Also in accordance with such embodiments, an electronic tuner function may be 
provided, the aim of which is to find the fundamental of the sample signal coming from the 
microphone in order to give the note played by a musical instrument. Similar to what has been 
described previously, a preferred method will consist of computing the number of periods for a 
given time that is a multiple of the period in order to increase the accuracy of computation of the 
period. In effect, a single period will give little accuracy if the value of this period is poor 
because of the sampling. In order to detect the periods, preferably one uses a routine which 
computes the distance between a reference taken at the beginning of the signal and the signal As 
will be understood, the period will be the position of the last period divided by the total number 
of periods between the first and the last period. The effective position of the last period is 
computed by an interpolation of the true maximum between two distance samples. The period 
thus computed will give by inversion (using a division of 64 bits/3 2bits) the fundamental 
frequency with great precision (better than 1/4000 for a signal without noise, which is often the 
case). 

Also in accordance with such embodiments, a low pass filter (or other filter) function may 
be provided as part of the effects provided with the ADPCM sample coding. Such a function 
may eliminate with a low-pass filter the high frequencies of the samples used for computation of 
the distance such for the routines previously described. These high frequencies tend to disturb 
the computations if they are too elevated. Filtering is done by looking for the highest value in 
order to normalize the buffer used for computation of the distance. 

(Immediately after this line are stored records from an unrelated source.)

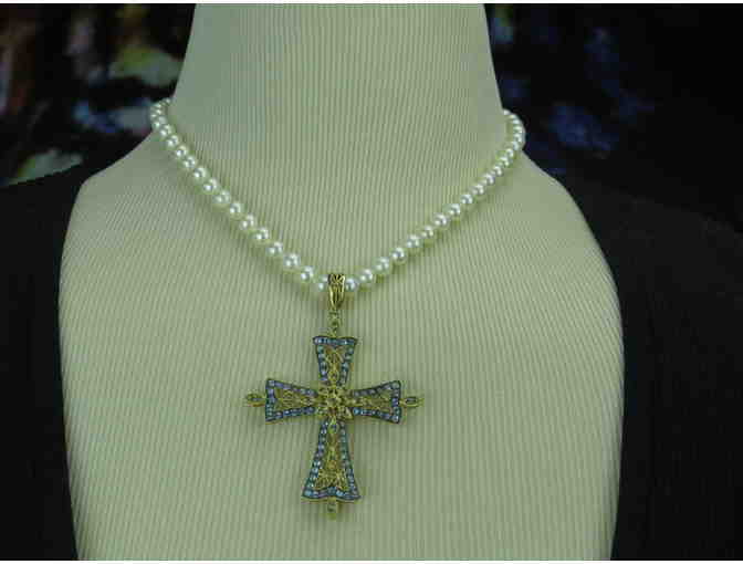 N6:  Exquisite Bold Enhancer Cross w/Blue Topaz, Diamonds, on Pristine White Pearls!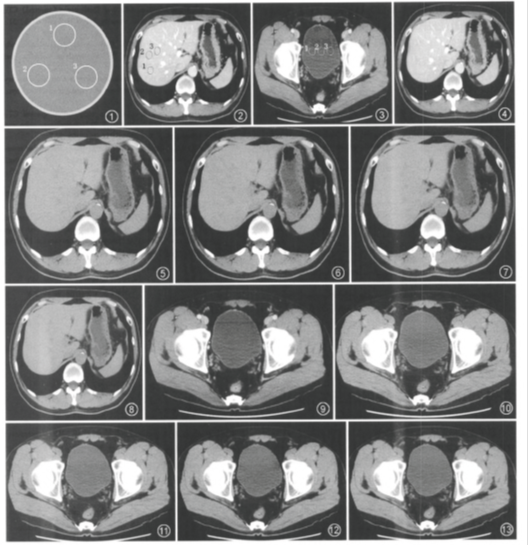 图1 质量评价标准体模水模部分CT值测量示意图,l、2、3为3个ROI。图2,3为能谱扫描65 keV单能量CT横断面图像,分别为肝脏(图2)和膀胱区(图3)实质测量示意图,1、2、3为3个ROI。图4—8为肝脏cT横断面图像。图4为能谱增强扫描65 keV单能量图像,图5为常规扫描滤波反投影(FBP)重建图像,图6~8分别为20%、40%和60%自适应统计迭代重建(ASIR)常规扫描图像,图5—8的图像噪声逐渐降低,图4的图像噪声与图7基本相当。图9—13为膀胱CT横断面图像。图9为能谱增强扫描65 keV单能量图像,图lO为常规扫描FBP重建图像,图11—13分别为20%、40%和60%ASIR常规扫描图像,从图10~13图像噪声逐渐降低,图9的图像噪声与图11基本相当。
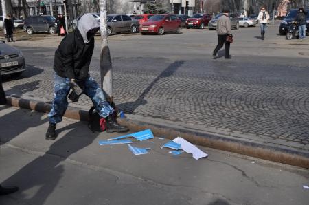 В Днепропетровске прошло Вече Победы. Со сцены звучали лозунги, молитвы и намеки на дальнейший план действий. В память о погибших были зажжены свечи и лампады. После официальной части люди с площади под Чкалова отправились к ОГА. На этот раз кордон правоохранителей их не встречал, все желающие могли беспрепятственно войти в здания. И вошли. Для того, чтобы вынести и уничтожить портреты Януковича и Колесникова. Их растоптали, осколки за собой аккуратно прибрали. Тем временем группа активисток организовала флешмоб: на деревьях под ОГА повесили ‘чучела’ самых ярких днепропетровских регионалов – Колесникова, Удода, Царева, Ступака и Вилкула. Как сообщают очевидцы, эти куклы висят там до сих пор. Именно на этом фоне будет проходить внеочередное заседание облсовета, в связи с которым организаторы просят всех неравнодушных к судьбе области людей собраться в 14:30 под ОГА.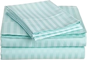 Product Description : Size: Queen | Color: Light BlueSilky soft 500 count stripe sateen sheet set made of single ply ultra soft 100-percent egyptian cotton yarn woven on state of the art air jet looms to give you comfortable sleep and long wear. The queen size light blue color flat sheet and pillow cases are finished with a 4-inch hem and the fully elastic fitted sheet stays secure on a mattress up to 18-inch thick. These sheets are easy care: wash in lukewarm water; tumble dry on low heat.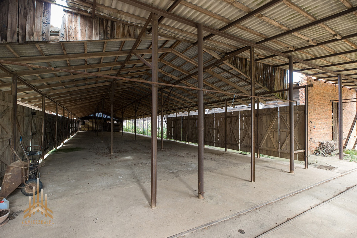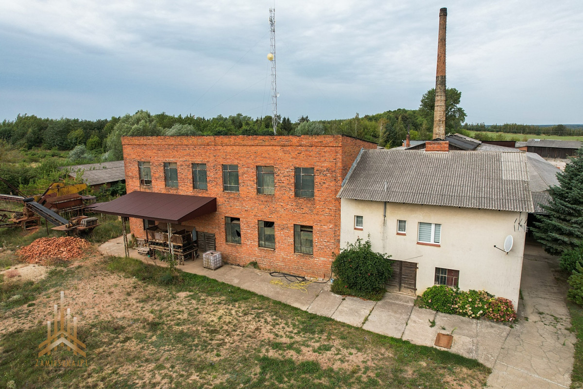 - wyposażony w 15 obiektów budowlanych, w tym: budynek socjalny z funkcją mieszkalną (ok, 120m2), budynek biurowy z garażem (ok.60m2) oraz duża maszynownia w tylu loft`owym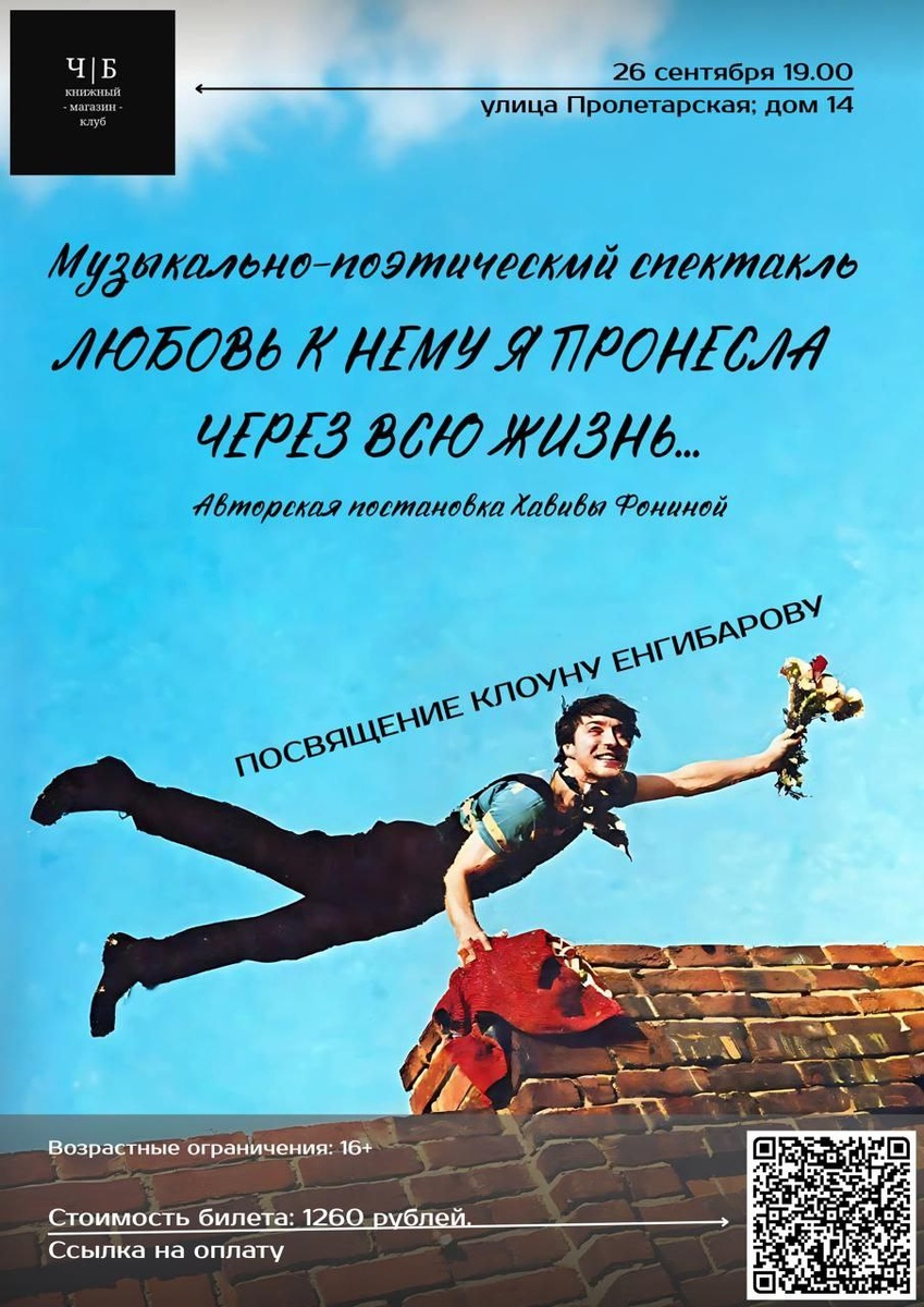 26 сентября в 19.00 в книжном магазине-клубе Ч|Б состоится моноспектакль по пьесе Хавивы Фониной "Любовь к нему я пронесла через всю жизнь", посвящена клоуну Леониду Енгибарову. Это романтическое путешествие главной героини длиною в жизнь, в котором с ней повсюду рядом ее верный друг — клоун-игрушка. Сцены грусти сменяются юмором, а ностальгия - верой в чудо. И только любовь, которая несмотря ни на что, горит в её сердце, заставляет идти навстречу к мечте. В спектакле звучат авторские стихи и песни на слова Хавивы Фониной. Возрастные ограничения: 16+ Стоимость билета: 1290 рублей Приобрести билет можно по куар-коду на афише или ТУТ , на кассе книжного или на портале АФИША.РУ ⏩ по ССЫЛКЕ Адрес: г. Звенигород, ул. Пролетарская, дом. 14 (вход со стороны остановки)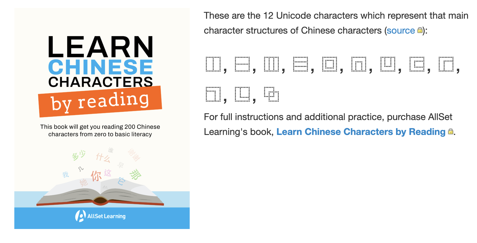 - Learn Chinese Characters by Reading (a book). This one evolved out of the idea of stripping down learning to read characters to the very basics: recognizing individual characters as part of simple sentences. It emerged organically out of my decade of work with AllSet Learning clients and also benefited from my work with graded readers at Mandarin Companion. What if you spent only the minimum amount of time learning about character etymologies, semantic components, etc. and focused more on just reading? Well, this book is the result! It can be done. And if you want to see the core 200 characters you learn in the book, you can do so online for free.

Also in accordance with the present invention, there are numerous additional 
implementations and variations that preferably can be used with many desirable aspects of the 
present invention. Exemplary ways to use the present invention to great effect include a 
software-based approach, as well as general integration with other products. Additionally, 
several valuable variations to the present invention can be used with great success, especially 
with regard to media content management, integration with video, and other miscellaneous 
variations.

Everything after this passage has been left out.